Reports from Takahiko Hyuga of Bloomberg has unveiled that Japanese banking giant Nomura Co Ltd (TYO:9716) has settled an employment case with a former managing director in Tokyo, agreeing to pay him ¥82 million yen ($688,000 USD) in compensation without reinstating him, according to a Tokyo High Court document.
The former Nomura MD, Seth Friedman joined Nomura in May 2008 and worked in electronic trading, and was originally fired for breaching company rules that prohibiting employees from sending data files to their private e-mail accounts, the district court document showed.
However, Mr. Friedman argued that Nomura fired him following a dispute over compensation for an electronic trading product that he invented while he was employed by the brokerage, according to the district court document.

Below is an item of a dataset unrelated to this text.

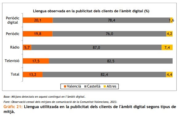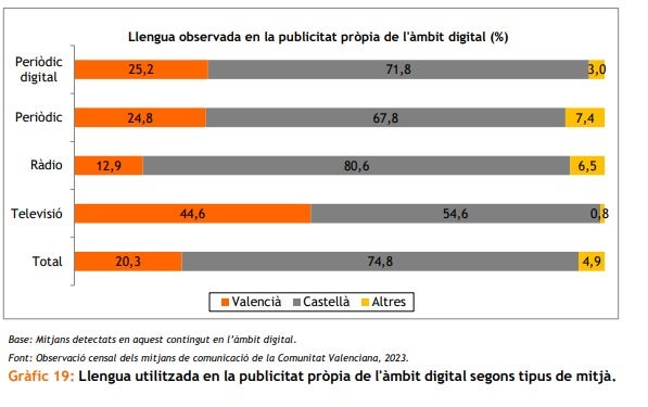 Segons l’estudi, les empreses d’informació massiva del País Valencià que es promocionen en l’àmbit digital en castellà són el 74,8% del total, especialment les ràdios, que arriben al percentatge del 80,6%. El balanç, segons els investigadors, resultaria més equilibrat en les televisions, on el valencià té una quota de pantalla en la publicitat interna del mitjà del 44,6%.

As part of the settlement, Nomura retracted its dismissal of Mr. Friedman while the parties agreed that his employment contract ended on May 23, 2012, according to the December 24th document as seen by Bloomberg.
The settlement came after the firm’s Japanese brokerage unit appealed in September against a lower court ruling that it must reinstate Friedman for wrongful dismissal in 2012.

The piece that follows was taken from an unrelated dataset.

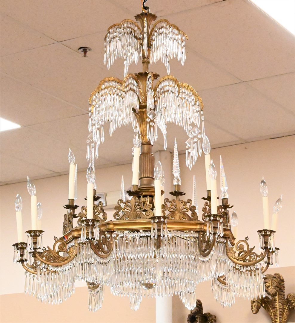 Baltic Gilt-Bronze and Cut-Glass 18 Light Chandelier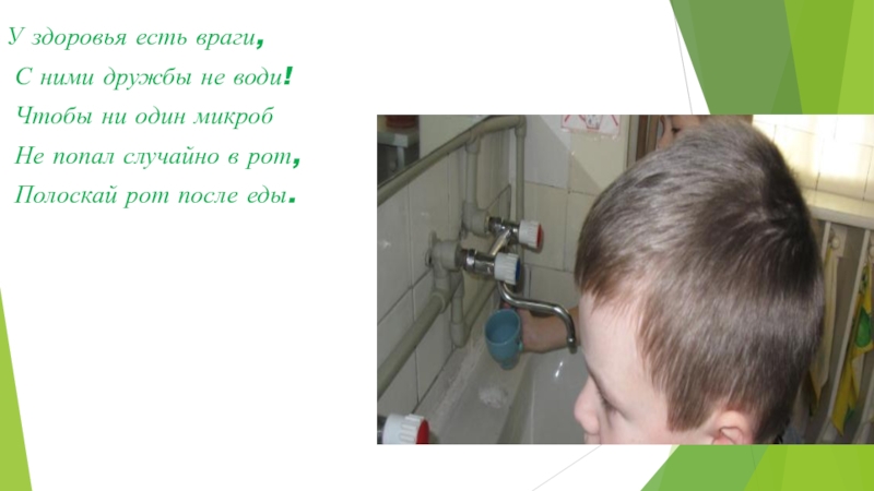 У здоровья есть враги, С ними дружбы не води! Чтобы ни один микроб Не попал случайно в рот, Полоскай рот после

The Tokyo District Court earlier ordered Nomura Securities Co. (the securities and investment banking business of Nomura Holdings) to honor its employment agreement with Friedman and pay him more than ¥100 million yen in lost salary plus interest, according to an August 28th judgment seen by Bloomberg. Nomura had no reasonable grounds for dismissing him, the lower court ruled.
The parties agreed not to make any further complaints against each other, the high court document showed. Kenji Yamashita, a Tokyo-based spokesman for Nomura, declined to comment. Friedman also declined to comment.